Task instructions — Without the pictures, restate all of the data below word for word.

Available data —
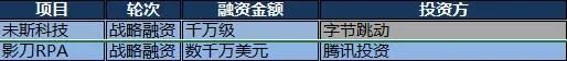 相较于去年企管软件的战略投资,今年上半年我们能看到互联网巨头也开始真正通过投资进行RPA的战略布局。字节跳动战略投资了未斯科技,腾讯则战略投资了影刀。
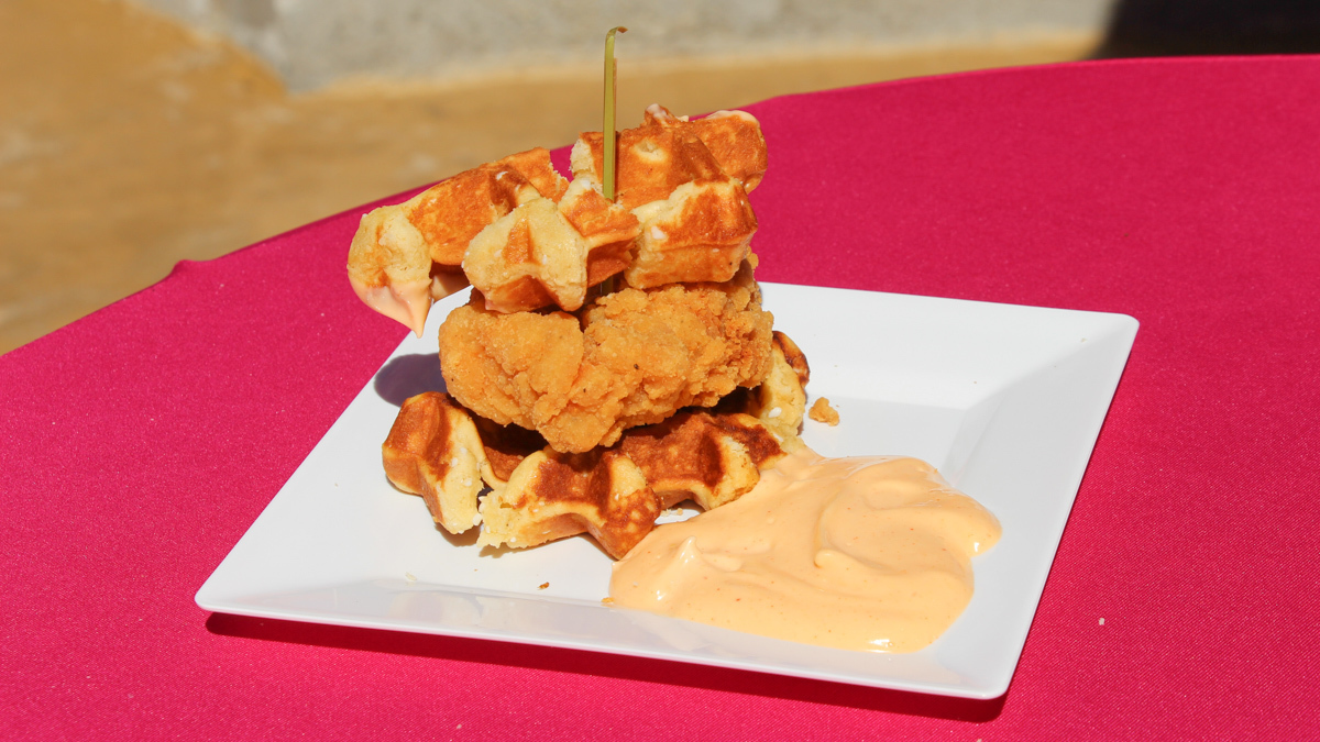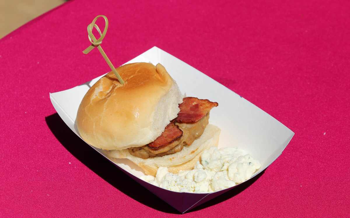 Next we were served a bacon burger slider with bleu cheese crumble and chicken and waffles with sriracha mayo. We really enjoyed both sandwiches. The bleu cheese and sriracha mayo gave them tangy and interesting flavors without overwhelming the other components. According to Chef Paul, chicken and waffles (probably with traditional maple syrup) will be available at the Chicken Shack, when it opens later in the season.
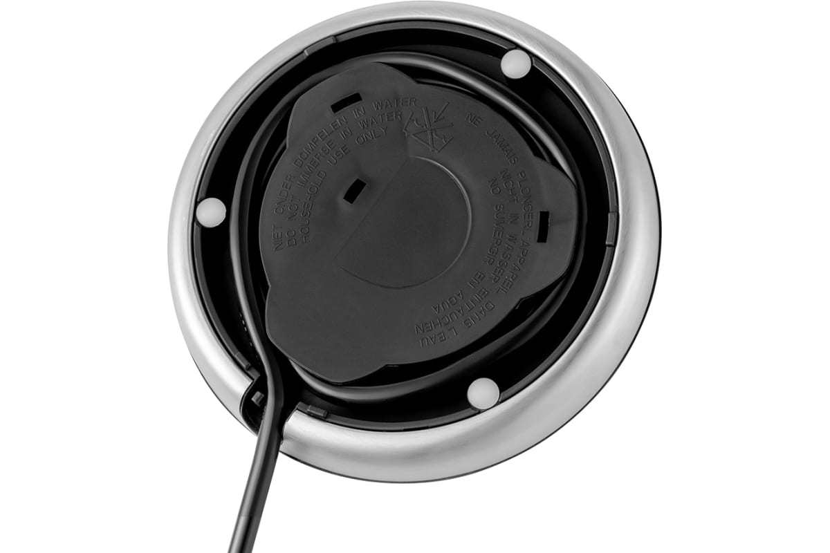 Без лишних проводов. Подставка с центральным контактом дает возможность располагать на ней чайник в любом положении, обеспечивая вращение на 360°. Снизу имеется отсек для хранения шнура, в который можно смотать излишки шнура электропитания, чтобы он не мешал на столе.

The answer —
 相较于去年企管软件的战略投资,今年上半年我们能看到互联网巨头也开始真正通过投资进行RPA的战略布局。字节跳动战略投资了未斯科技,腾讯则战略投资了影刀。
 Next we were served a bacon burger slider with bleu cheese crumble and chicken and waffles with sriracha mayo. We really enjoyed both sandwiches. The bleu cheese and sriracha mayo gave them tangy and interesting flavors without overwhelming the other components. According to Chef Paul, chicken and waffles (probably with traditional maple syrup) will be available at the Chicken Shack, when it opens later in the season.
 Без лишних проводов. Подставка с центральным контактом дает возможность располагать на ней чайник в любом положении, обеспечивая вращение на 360°. Снизу имеется отсек для хранения шнура, в который можно смотать излишки шнура электропитания, чтобы он не мешал на столе.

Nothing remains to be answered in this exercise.